Testing the Paleolithic-human-warfare hypothesis of blood-injection phobia in the Baltimore ECA Follow-up Study--towards a more etiologically-based conceptualization for DSM-V
- PMID: 16860872
- DOI: 10.1016/j.jad.2006.06.014
Testing the Paleolithic-human-warfare hypothesis of blood-injection phobia in the Baltimore ECA Follow-up Study--towards a more etiologically-based conceptualization for DSM-V
Abstract
Objective: The research agenda for the fifth edition of the Diagnostic and Statistical Manual of Mental Disorders (DSM-V) has emphasized the need for a more etiologically-based classification system, especially for stress-induced and fear-circuitry disorders. Testable hypotheses based on threats to survival during particular segments of the human era of evolutionary adaptedness (EEA) may be useful in developing a brain-evolution-based classification for the wide spectrum of disorders ranging from disorders which are mostly overconsolidationally such as PTSD, to fear-circuitry disorders which are mostly innate such as specific phobias.
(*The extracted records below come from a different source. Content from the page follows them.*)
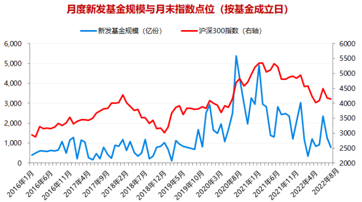 2、2021年2月以来,新基发行规模急剧缩水,今年4、5月份基金发行热度几乎处于2016年以来最低,随着市场在4月份触底反弹,基金发行市场也开始回暖。8月份至今已成立72只基金,共计发行788.61亿份。整体看,发行热度仍是2016年以来的较低水平,可见基金市场投资者的情绪仍然较为低迷,市场距离过热还有很远的距离。
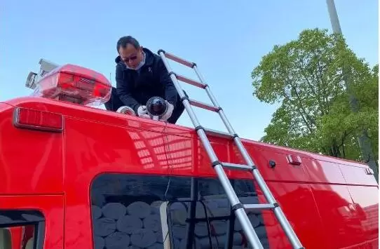 ↑ 迪爱斯公司技术团队为参加进博保障的消防车辆安装5G摄像头等设备
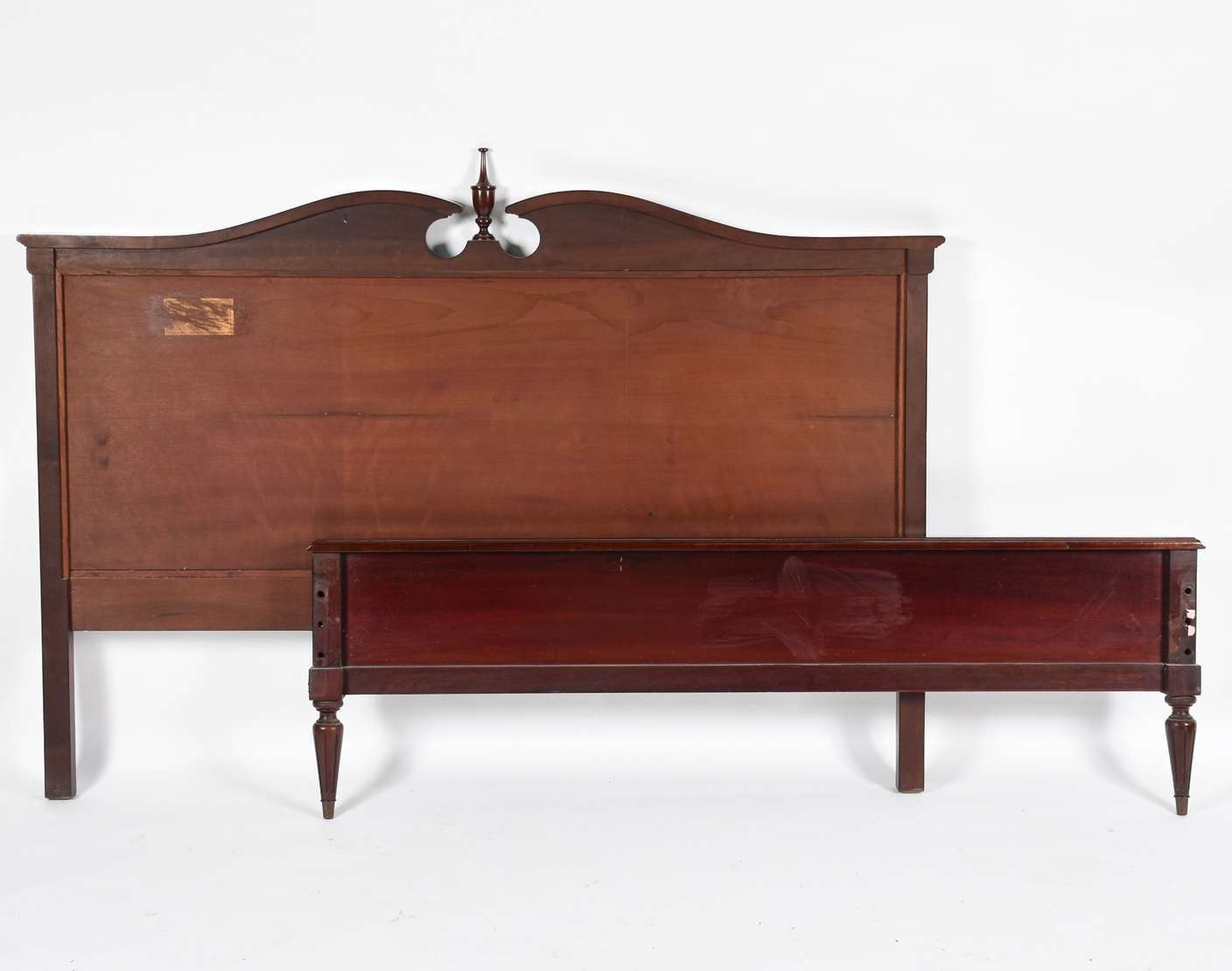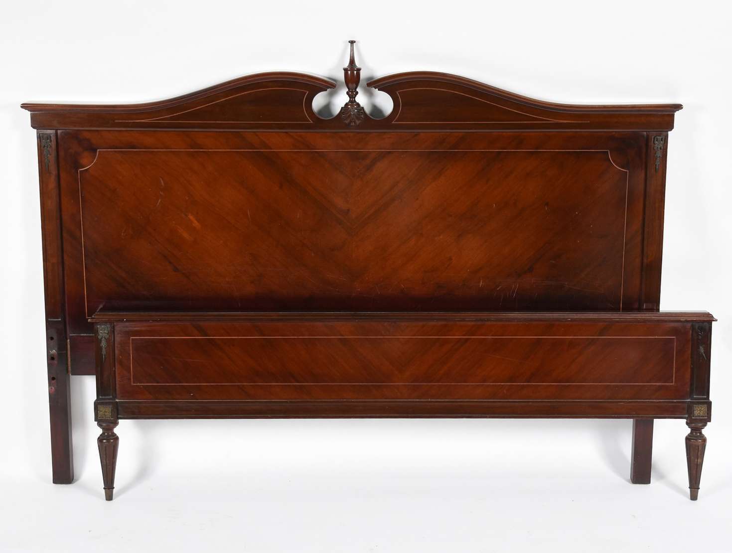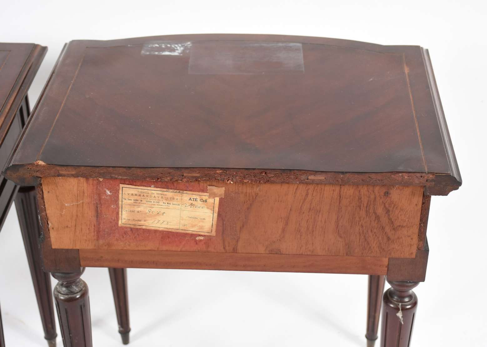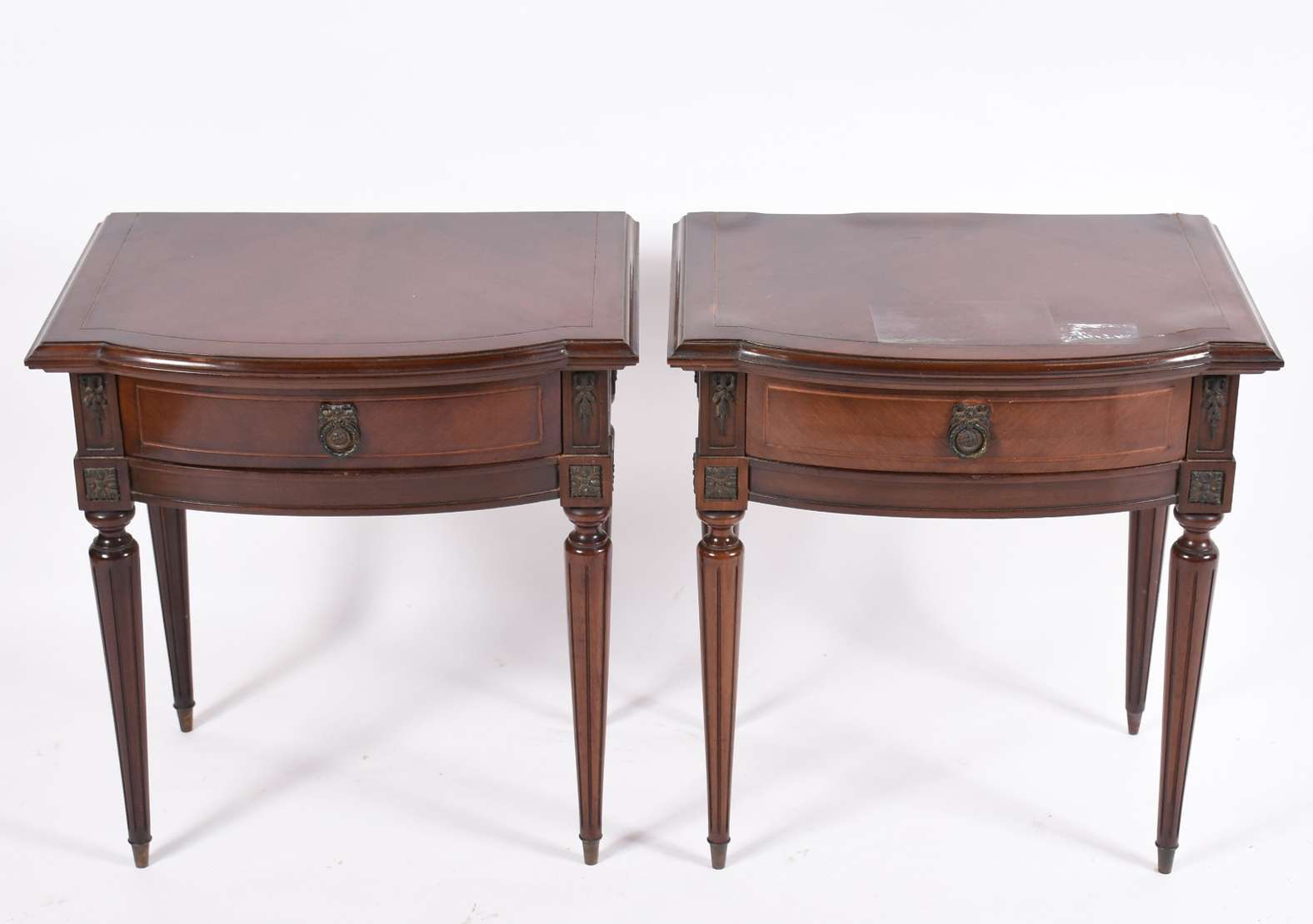 Mesa auxiliar de madeira nobre, tampo marchetado com gradinha de metal, duas gavetas e pernas cilíndricas com detalhe...

The recently presented Paleolithic-human-warfare hypothesis posits that blood-injection phobia can be traced to a "survival (fitness) enhancing" trait, which evolved in some females of reproductive-age during the millennia of intergroup warfare in the Paleolithic EEA. The study presented here tests the key a priori prediction of this hypothesis-that current blood-injection phobia will have higher prevalence in reproductive-age women than in post-menopausal women.
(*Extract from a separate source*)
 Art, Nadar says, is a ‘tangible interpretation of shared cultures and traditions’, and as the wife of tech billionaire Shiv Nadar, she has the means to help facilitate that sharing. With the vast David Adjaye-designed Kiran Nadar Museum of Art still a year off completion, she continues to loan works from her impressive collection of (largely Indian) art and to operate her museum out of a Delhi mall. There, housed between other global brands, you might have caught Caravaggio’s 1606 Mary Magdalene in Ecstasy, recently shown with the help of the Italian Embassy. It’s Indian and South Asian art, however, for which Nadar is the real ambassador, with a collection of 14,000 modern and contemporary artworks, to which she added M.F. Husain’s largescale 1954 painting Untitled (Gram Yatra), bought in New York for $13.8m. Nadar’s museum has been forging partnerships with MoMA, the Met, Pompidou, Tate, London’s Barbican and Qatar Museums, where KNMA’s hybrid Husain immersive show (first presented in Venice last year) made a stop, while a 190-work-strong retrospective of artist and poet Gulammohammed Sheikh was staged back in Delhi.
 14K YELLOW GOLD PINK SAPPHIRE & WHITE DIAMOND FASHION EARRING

Method: The Diagnostic Interview Schedule (version III-R), which included a section on blood and injection phobia, was administered to 1920 subjects in the Baltimore ECA Follow-up Study.
Results: Data on BII phobia was available on 1724 subjects (1078 women and 646 males). The prevalence of current blood-injection phobia was 3.3% in women aged 27-49 and 1.1% in women over age 50 (OR 3.05, 95% CI 1.20-7.73). [The corresponding figures for males were 0.8% and 0.7% (OR 1.19, 95% CI 0.20-7.14)].
Conclusions: This epidemiological study provides one source of support for the Paleolithic-human-warfare (Paleolithic-threat) hypothesis regarding the evolutionary (distal) etiology of bloodletting-related phobia, and may contribute to a more brain-evolution-based re-conceptualization and classification of this fear circuitry-related trait for the DSM-V. In addition, the finding reported here may also stimulate new research directions on more proximal mechanisms which can lead to the development of evidence-based psychopharmacological preventive interventions for this common and sometimes disabling fear-circuitry disorder.